YOUR GOAL ::
Within the records that follow, restate exactly the lines from the line with "- 8 x Sitzkissen: 80 x 80 x 8 cm (L x B x H)" down to the line with "Micc, Deine Unbekannte", including both. Omit the pictures.

DATA TO PROCESS ::
——

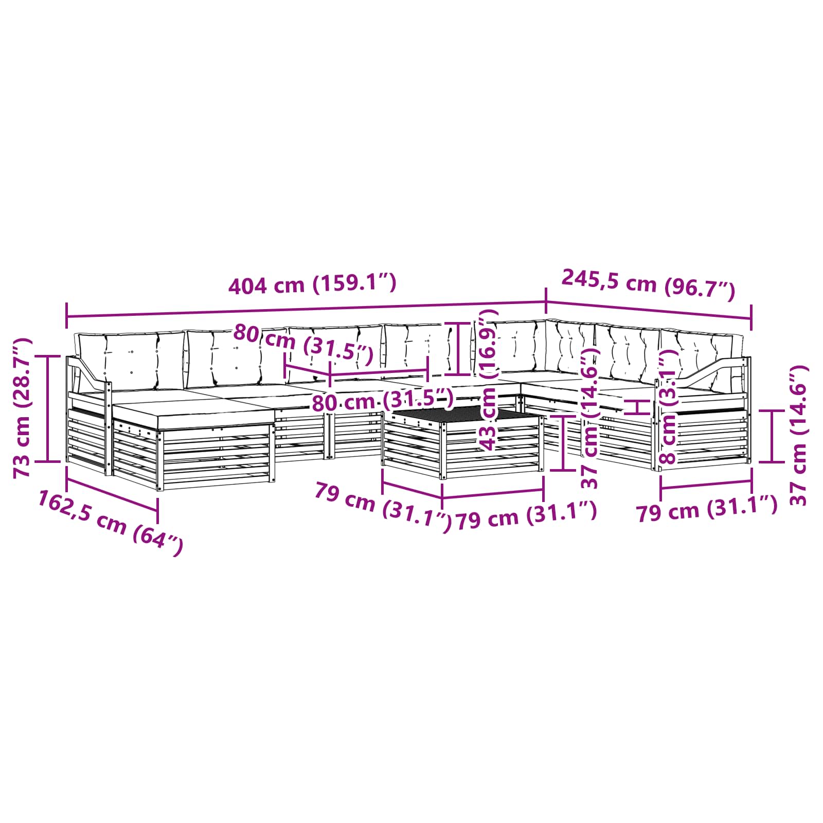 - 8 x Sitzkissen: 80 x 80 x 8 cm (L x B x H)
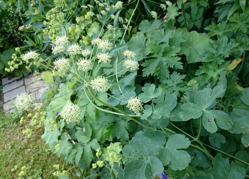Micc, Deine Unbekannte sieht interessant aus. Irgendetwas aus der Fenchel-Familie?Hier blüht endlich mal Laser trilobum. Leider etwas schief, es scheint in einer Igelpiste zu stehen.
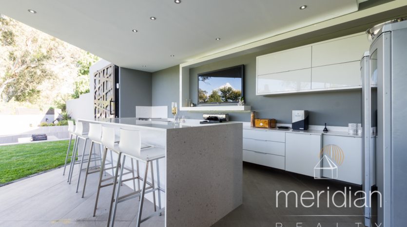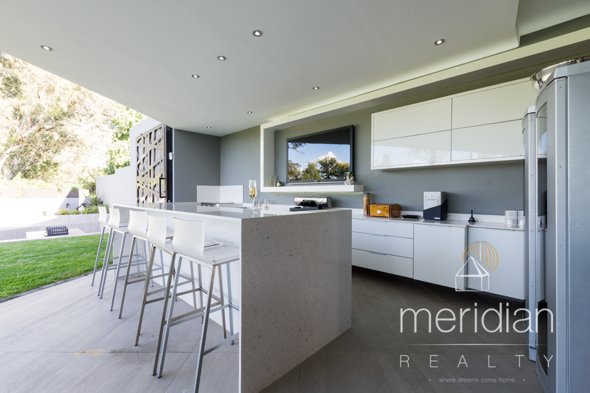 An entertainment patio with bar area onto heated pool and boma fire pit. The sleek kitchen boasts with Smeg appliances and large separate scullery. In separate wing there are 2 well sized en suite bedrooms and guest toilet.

——

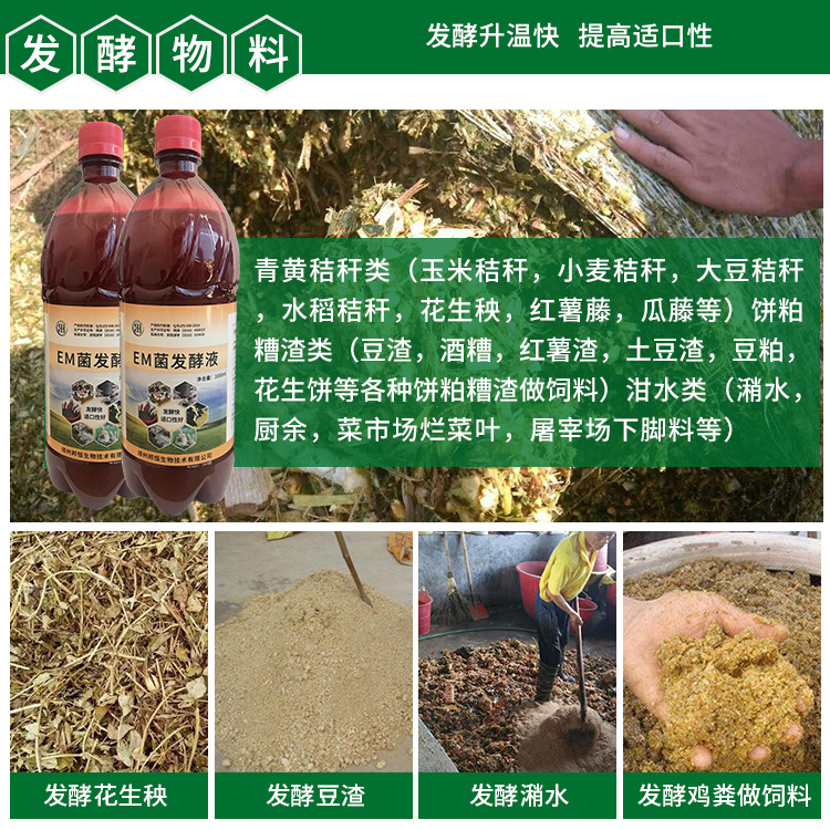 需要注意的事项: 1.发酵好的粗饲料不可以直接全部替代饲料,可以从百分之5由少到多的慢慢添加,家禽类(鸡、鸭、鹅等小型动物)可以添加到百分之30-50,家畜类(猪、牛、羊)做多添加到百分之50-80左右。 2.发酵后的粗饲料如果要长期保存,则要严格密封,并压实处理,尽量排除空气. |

——

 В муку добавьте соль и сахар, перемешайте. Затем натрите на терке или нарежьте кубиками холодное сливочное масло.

——

OUTPUT OF THE TASK ::
 - 8 x Sitzkissen: 80 x 80 x 8 cm (L x B x H)
Micc, Deine Unbekannte sieht interessant aus. Irgendetwas aus der Fenchel-Familie?Hier blüht endlich mal Laser trilobum. Leider etwas schief, es scheint in einer Igelpiste zu stehen.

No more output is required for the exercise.